WHAT YOU HAVE TO DO:
When you reach the line containing "Cranberry Glass Floral", please repeat it and every line after it exactly, through the end of the listing below, skipping pictures.

DATA SECTION:
----------

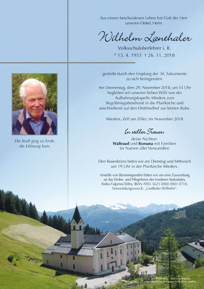 Neue Kerze für Wilhelm Lanthaler entzünden.
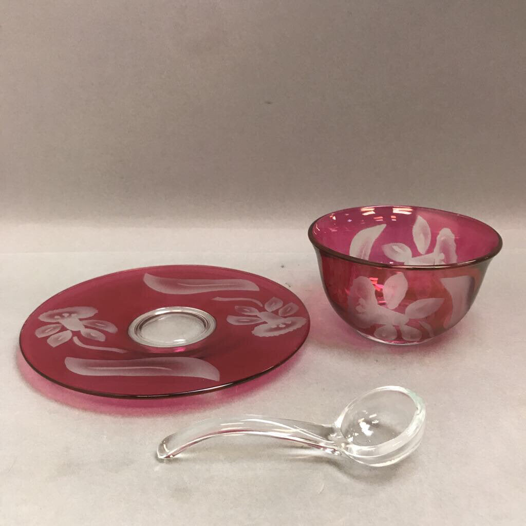Cranberry Glass Floral Serving Bowl and Plate with Glass Ladle (7inx4in) (Set of 3)
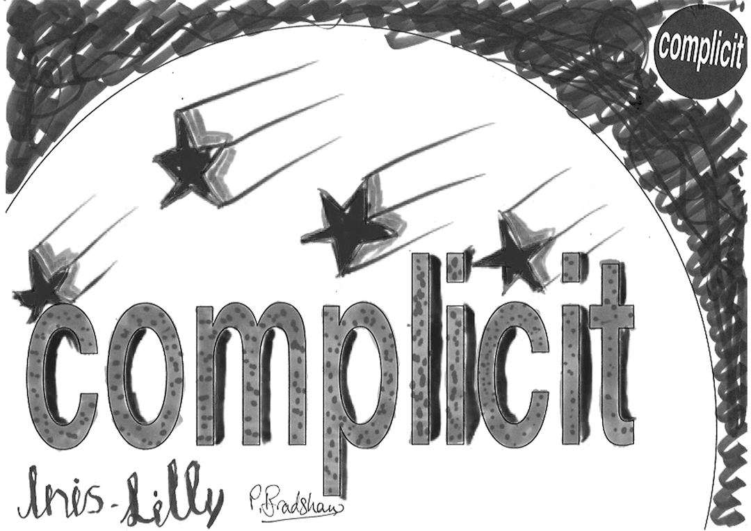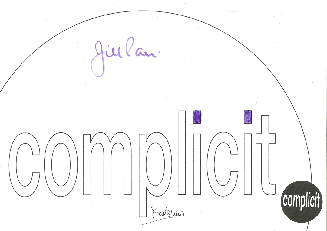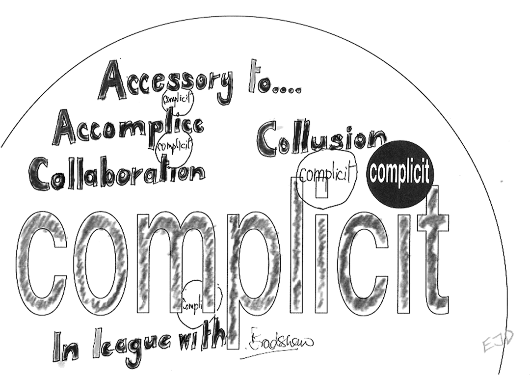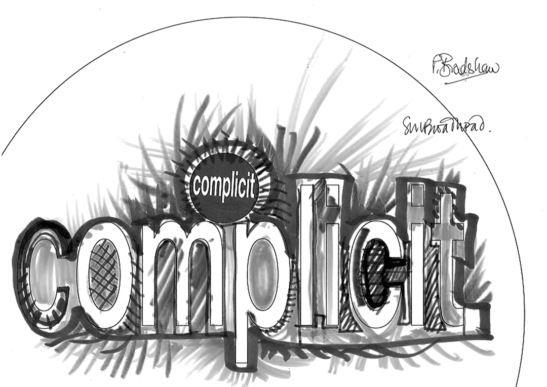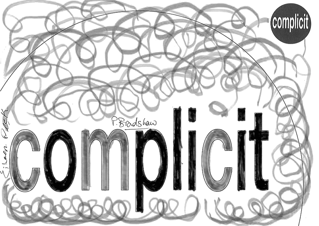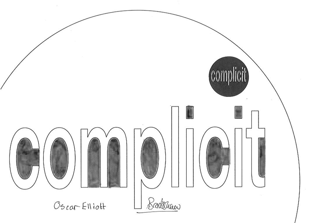 27 visitors participated in the event, each producing a jointly authored work with me. This piece takes all 27 of the 'complicit' works and a monochrome version of each and combines them in real time. To generate a combined image, it selects a random number of the works and merges them in a random sequence. It randomly chooses whether to include the full colour or the monochrome image. Then, a few seconds later, it does it all again - repeatedly, ad infinitum.

----------

ANSWER TO THIS TASK:
Cranberry Glass Floral Serving Bowl and Plate with Glass Ladle (7inx4in) (Set of 3)
 27 visitors participated in the event, each producing a jointly authored work with me. This piece takes all 27 of the 'complicit' works and a monochrome version of each and combines them in real time. To generate a combined image, it selects a random number of the works and merges them in a random sequence. It randomly chooses whether to include the full colour or the monochrome image. Then, a few seconds later, it does it all again - repeatedly, ad infinitum.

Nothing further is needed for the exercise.